Is it always true that if $a^2=b$ then $a=\pm\sqrt{b}$?

Question

Is it always true that if $a^2=b$ then $a=\pm\sqrt{b}$ ? I've seen it stated that if $x^2=k$ then $x=\pm\sqrt{k}$ where k is real, but have not seen the more general case, so I'm wondering if there is a reason why not. If this is not true generally, what are some counter examples that could be shown on an Algebra 1 level?

Edit: A better statement of my original question might be this...

It appears that "if $a=b$ then $a+c=b+c$" is universally true regardless of context. Are there contexts in which $a^2=b$ could not be equivalently written as $a=\pm\sqrt{b}$ ? Would any such context be understandable on an Algebra 1 level? Perhaps where still with $a$ and $b$ limited as either complex numbers or expressions with complex coefficients.

Thank you!

Answer 1

In any (commutative) field a quadratic equation like $x^2 = k$ can have at most $2$ solutions. If the field is the field $\Bbb{R}$ of real numbers, then we know that $x^2 = k$ has no solutions if $k < 0$, $1$ solution if $k = 0$ and $2$ solutions if $k > 0$. In the real numbers, we can also conveniently define $\sqrt{k}$ for $k \ge 0$ to be the non-negative solution of $x^2 = k$, so that the solutions of $x^2 = k$ are indeed $x = \pm \sqrt{k}$.

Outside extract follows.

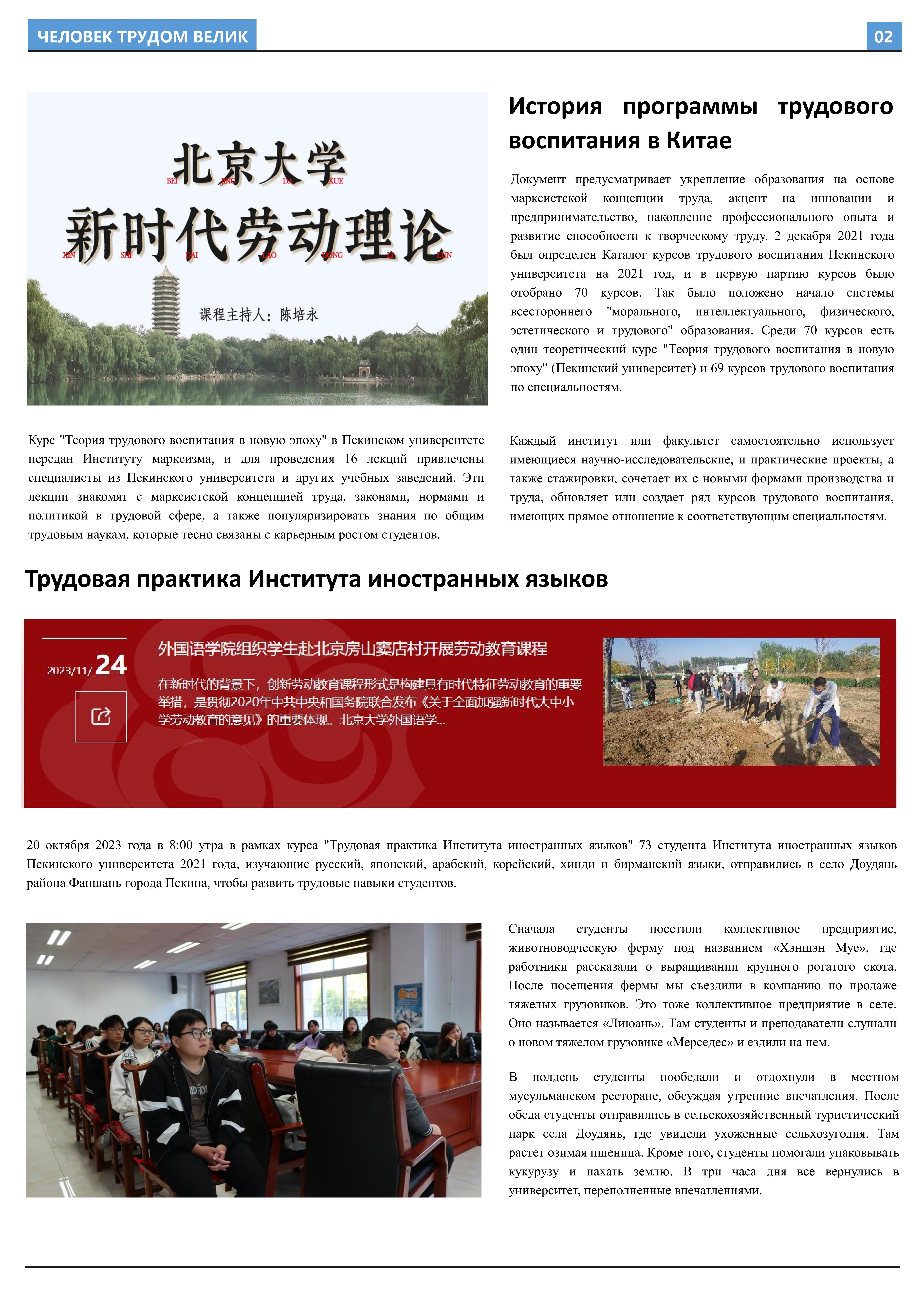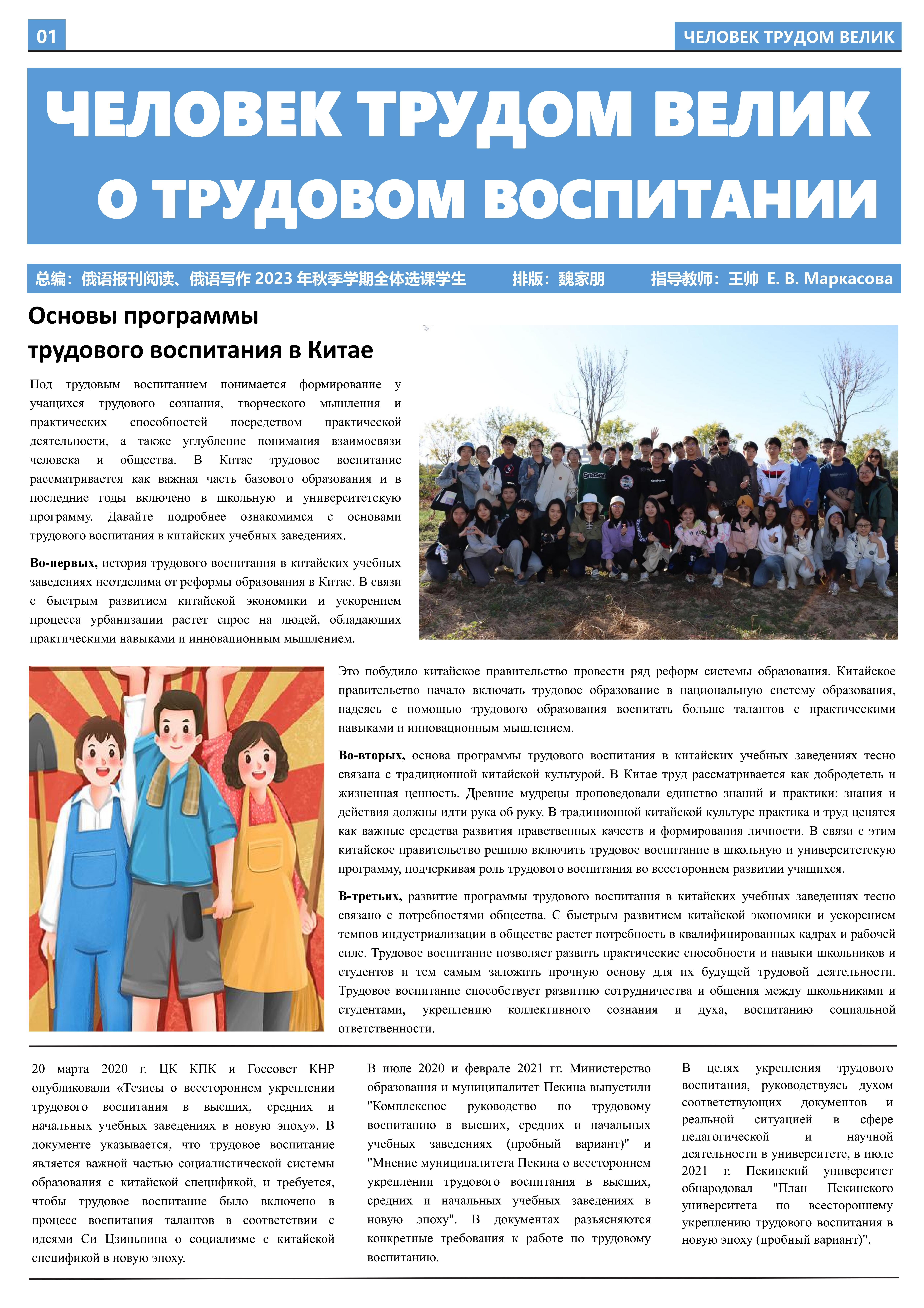 在接受劳动教育、参与劳动实践后,2023年10月至2023年12月,外国语学院2021级俄语本科生班的11名同学立足于学院平台和专业课堂(《俄语报刊阅读(上)》与《俄语写作(上)》),在两位课程主讲教师王帅和外教叶莲娜·马尔卡索娃(Елена Маркасова)的指导下,通过线上分工、小组讨论等形式商讨报纸细节,并学习使用重要概念和关键词句的俄语表达,历时近三个月,共同完成6个版面、3000余个单词数的“劳动成就人——关于劳动教育”主题报纸。报纸共分为8个大主题、13个小主题,全面介绍了外国语学院劳动教育课程的实施背景及学生参与情况,系统阐述了窦店村的历史文化与经济发展等多方面内容,并详细记录了同学们在窦店村恒升牧业畜牧养殖中心、窦店利元车业、农业观光园等劳动教学点的劳动实践与参访感受。

If we move to the field $\Bbb{C}$ of complex numbers, then $x^2 = k$ always has $1$ or $2$ solutions: $1$ if $k = 0$ and $2$ otherwise. In $\Bbb{C}$, we can still think of the solutions as comprising $\pm \sqrt{k}$, but the function $\sqrt{\cdot}$ is trickier to define (there are many possibly definitions, depending on the choice of what is called a branch cut).

If we carry on with the Cayley-Dickson construction and move to $\Bbb{H}$, the quaternions, which is a division ring (like a field but with a multiplication that is not commutative) then an equation like $x^2 = k$ typically has infinitely many solutions. In $\Bbb{H}$, it doesn't make much sense to try to define $\sqrt{\cdot}$.

I think the above goes beyond Algebra 1, but I hope it is of interest.

Answer 2

Yes the equation $a^2=b$ with $b \ge 0$ has always two solution for $b>0$ or one when $b=0$, indicated with $\sqrt b$ and $-\sqrt b$.

For a graphical interpretation, we can consider the equivalent problem for the intersection of parabola $y=x^2$ with the horizontal line $y=b\ge 0$ which has indeed solutions $x=\pm \sqrt b$.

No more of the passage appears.